Забывая про ужин, он садится в большой комнате на диван, закидывая ногу на ногу, и раскрывает газету как защитный щит перед собой. Он в домике. Диван, который превращается в кровать вечером, застелен покрывалом тёмно-коричневого цвета. Я его ужасно не люблю и за цвет, и за материал, оно вечно бьёт меня молниями и пушит волосы в разные стороны. Туман лежит ровным слоем на диване, на полу.
Напротив дивана возвышается большой сервант со стеклянными дверками и полками, воздушный и торжественный, как хрустальный замок. Фужеры, бокалы, чайные пары и сервизы — заложники серванта, только некоторым из них удаётся побывать на новогоднем или деньрожденческом столе. В углу лакированный секретер — рабочее место отца, где он почти никогда не сидит, что-то трогать там мне категорически запрещено. Но я и без прикосновений нашла там открытую пачку сигарет KENT, календарик с женщиной в прозрачном купальнике и много разных бумажек, билетов и программок из театров, а ещё пыль, которая лежит на всём волшебным порошком.

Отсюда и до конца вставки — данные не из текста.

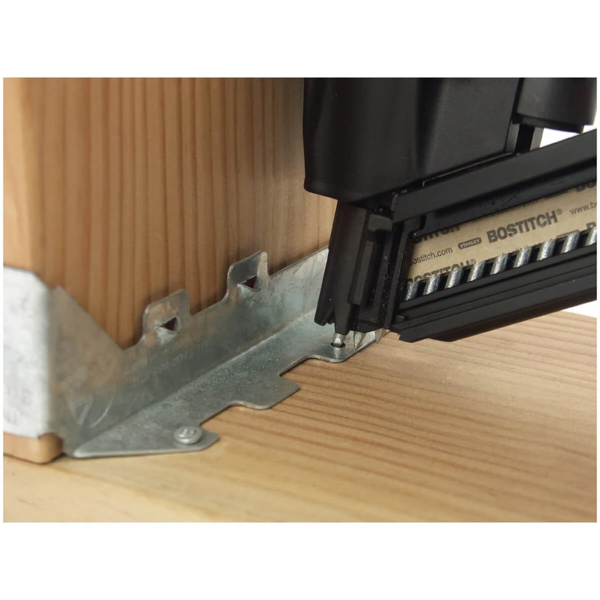USE THIS METAL CONNECTOR NAILER STRAPSHOT™ WITH METAL FRAMING HARDWARE. APPLICATION IS QUICK AND PRECISE. IT IS LIGHTWEIGHT AND EASY TO MANEUVER. DEPEND ON THIS METAL CONNECTOR NAILER STRENGTH AND DURABILITY. BOSTITCH 7 Year Limited WARRANTY*
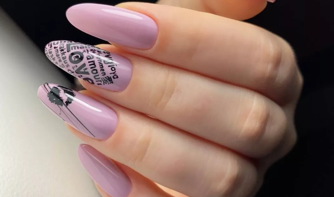 Сделать маникюр более актуальным можно, добавив на несколько ногтей модные надписи. Молодые девушки обычно выбирают имена, лозунги или поздравления. Разместить надписи можно на любых ногтях, однако трендовым будет считаться расположение слов на больших пальцах.

В большой комнате я ложусь на живот и плыву по ковру, он большой и кажется мягким в начале заплыва. На стене тоже висит ковёр тёмно-бордового цвета с вензелями. Я плыву к секретеру, маяком горит красный огонёк телевизора. У балкона я встаю, внутри приятное тепло шерсти ковра, прислоняю лоб к холодному стеклу. Сколько всего: лыжи, которые терпеть не могу, пустые банки с крышками ждут поездки на дачу и нового урожая, пакеты, сумки, ящики и отцовские ботинки, которые он не даёт маме выбросить. Встаю на бетонную ступеньку балкона и готовлюсь к новому прыжку, плавать-то я на самом деле не умею, но в голове делаю это легко, как будто вода — моя вторая стихия! Прыжок — я снова на пузе, трусь о ковёр, вращая руками и крутя головой туда-сюда. Мне жарко и душно, пузо горит, не сдаюсь, щетина ковра похожа на шкуру животного. Надо быть выносливой и сильной, вдруг придётся сражаться с этим туманом или чем-то пострашнее.
Доплыв до участка с лакированным паркетом, я встаю и иду через коридор на кухню к маме. С заданием не получилось справиться: никто так и не пришёл. Зеркало в коридоре начинается у колен и заканчивается почти под потолком. Как интересно в него смотреться, чувствую зазеркалье, другой мир, как в сказке «Алиса в стране чудес», должно же быть что-то реальное в происходящем. Мне скучно, никто со мной не играет. Только дедушка в Покахонтас, когда я делаю вигвам из гимнастических палок, набрасывая сверху дурацкое коричневое покрывало, а он смирно сидит рядом с копьём (палка для массажа спины, которая обычно лежит у него под кроватью), помадой я рисую ему индейский раскрас, как в мультике, а себе вставляю перо в распущенные волосы (на котором почему-то нарисован некий Пушкин А.С.). Как здорово, что есть дедушка, туман его боится.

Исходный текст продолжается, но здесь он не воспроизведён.